2. Materials and methods

2.1. Ethics statement

Four- to six-week-old female BALB/c mice and four- to five-month-old female NZW rabbits were used in the study. The animal studies were carried out in strict accordance with the recommendations in the Guide for the Care and Use of Laboratory Animals of the National Institutes of Health.

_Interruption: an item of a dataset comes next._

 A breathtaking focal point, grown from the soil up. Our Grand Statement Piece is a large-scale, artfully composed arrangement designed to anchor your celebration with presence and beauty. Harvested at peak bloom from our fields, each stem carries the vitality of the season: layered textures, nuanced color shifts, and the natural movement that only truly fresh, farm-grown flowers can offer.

The animal protocol was approved by the Committee on the Ethics of Animal Experiments of the New York Blood Center (Permit Number: 194.15).

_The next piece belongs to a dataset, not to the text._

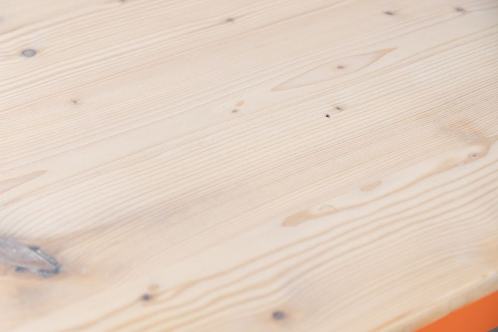 The tabletops are made from reclaimed timber, therefore the wear and tear of the tabletops will vary for each table.

2.2. Construction, expression and purification of recombinant proteins

The construction, expression and purification of recombinant MERS-CoV RBD fragments with Fc of human IgG were done as previously described with some modifications [18], [29]. Briefly, genes encoding residues 350-588, 358-588, 367-588, 367-606, and 377-588 of MERS-CoV S protein were respectively amplified by PCR using codon-optimized MERS-CoV S sequences (GenBank: AFS88936.1) as template and inserted into the pFUSE-hIgG1-Fc2 expression vector (hereinafter named Fc; InvivoGen, San Diego, CA). MERS-CoV S1 (residues 18-725) plus a C-terminal His6 (S1-His) was amplified and inserted into pJW4303 expression vector (Jiangsu Taizhou Haiyuan Protein Biotech, Co., Ltd., China). The recombinant plasmids were transfected into 293T cells (ATCC, Manassas, VA), changed into fresh serum-free DMEM (Invitrogen, Carlsbad, CA) 8 h later, and collected for supernatant containing expressed proteins 72 h post-transfection. The recombinant proteins were purified by Protein A affinity chromatography (GE Healthcare, Piscataway, NJ) for proteins with Fc or Ni-NTA Superflow (Qiagen, Valencia, CA) for proteins with His tag, according to the manufacturers’ instructions.

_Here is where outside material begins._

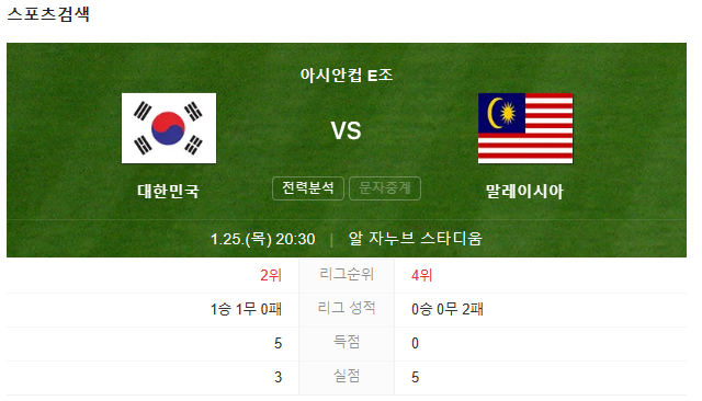 현재 카타르 아시안컵 대한민국 전적으로는 2경기 4승점 1승 1무 0패이며, 조 1위에 머무르는 요르단은 2경기 4승점 1승 1무 0패, 조3위 바레인은 2경기 3승점 1승 0무 1패, 그리고 4위 말레이시아는 2경기 0승점 0승 0무 2패의 전적을 기록하고 있습니다.

Human DPP4 ectodomain (residues 39-766) was expressed and purified as previously described [19]. Briefly, recombinant human DPP4 ectodomain containing an N-terminal honeybee melittin signal peptide and a C-terminal His6 was expressed in insect cells using the Bac-to-Bac expression system (Invitrogen), secreted into cell culture medium, and subsequently purified by Ni-NTA affinity column and Superdex200 gel filtration column (GE Healthcare).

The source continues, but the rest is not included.